Imagine a 12-acre dairy farm that has operated using farm-scale equipment and the latest technology. The farm represents a typical start-up dairy farm in the Northeast, but the cows are invisible because they’re all on paper.

This farm exists, and the Pennsylvania land is helping researchers and dairy farmers gain valuable insight about how crops and cows are affected by weather, the results of various crop rotations, which pests will predominate during a growing season and pest management in no-till systems. Farmers learn the consequences of certain crop rotations, how a new crop will fit on the farm, and the effects on soil fertility and quality based on management choices – all without having to experiment on their own farms.

Project Promotes Sustainability

The farm is the focus of the Sustainable Dairy Cropping Systems project, developed by a team of Penn State researchers and funded by a Sustainable Agriculture Research and Education (SARE) grant. The project examines a variety of cropping systems that can potentially improve the sustainability of a dairy farm. The system is on real acreage and simulates a 240-acre farm at 1/20 scale. Although the dairy herd is on paper, the animals are managed exactly as their live cousins.

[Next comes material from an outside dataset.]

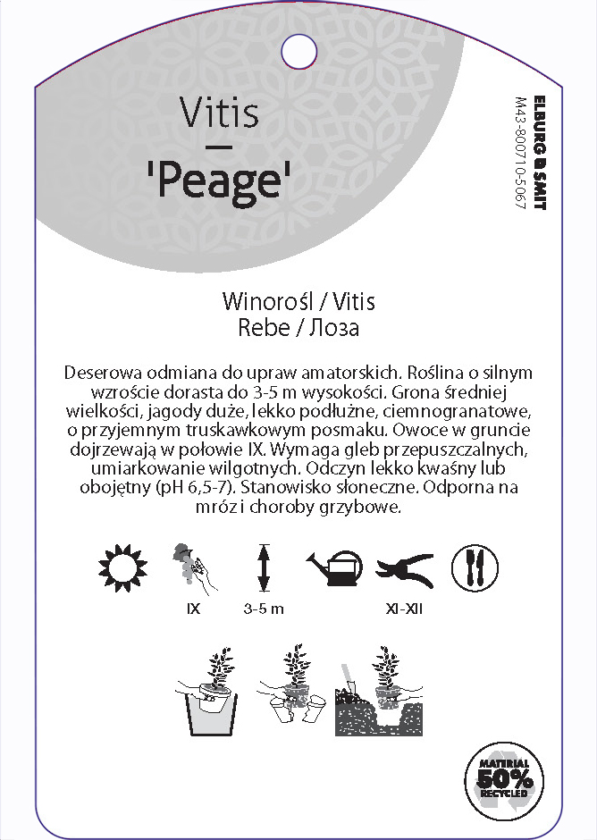 Etykieta zawieszana z gumką w rozmiarze 75×119 mm. Wykonana z polipropylenu o grubości 0,5 mm w 50% pochodzącego z recyklingu. Etykieta odporna na działanie czynników atmosferycznych. Całość dodatkowo zabezpieczona jest lakierem UV zapobiegającym utracie kolorów.

Project leader Dr. Heather Karsten, associate professor in the Department of Plant Science at Penn State University, received a SARE grant to carry out the project, which was initiated in 2010. The project is designed to address and explore on-farm options without farmers having to take the risk. The project plans are based on an “average” size dairy farm that would grow crops to fulfill the dietary requirements for the cows (both forage and feed), allow for manure management and produce fuel for the cropping system.

Karsten explains the goals of the long-term project. “How do we help farmers deal with off-farm input costs and swings in milk prices to minimize those risks? How can we help dairy and other farmers deal with the challenges of optimizing nutrient management to protect water quality? How do we reduce pesticide use on the farm? How can we make dairy farmers less susceptible to the inevitable swings in costs and income?”

With the help of farmers, Natural Resources Conservation Services (NRCS) and Penn State researchers, the team designed two 6-year crop rotations. The dairy herd is managed by Penn State Dairy Nutritionist Virginia Ishler, and includes 65 milking cows, 10 dry cows, 12 calves from birth to 6 months, 20 heifers from 7 to 11 months and 32 heifers from 12 to 24 months. Ishler uses the actual Penn State dairy herd as a barometer to adjust the computer models in terms of how production would be as influenced by weather and other factors.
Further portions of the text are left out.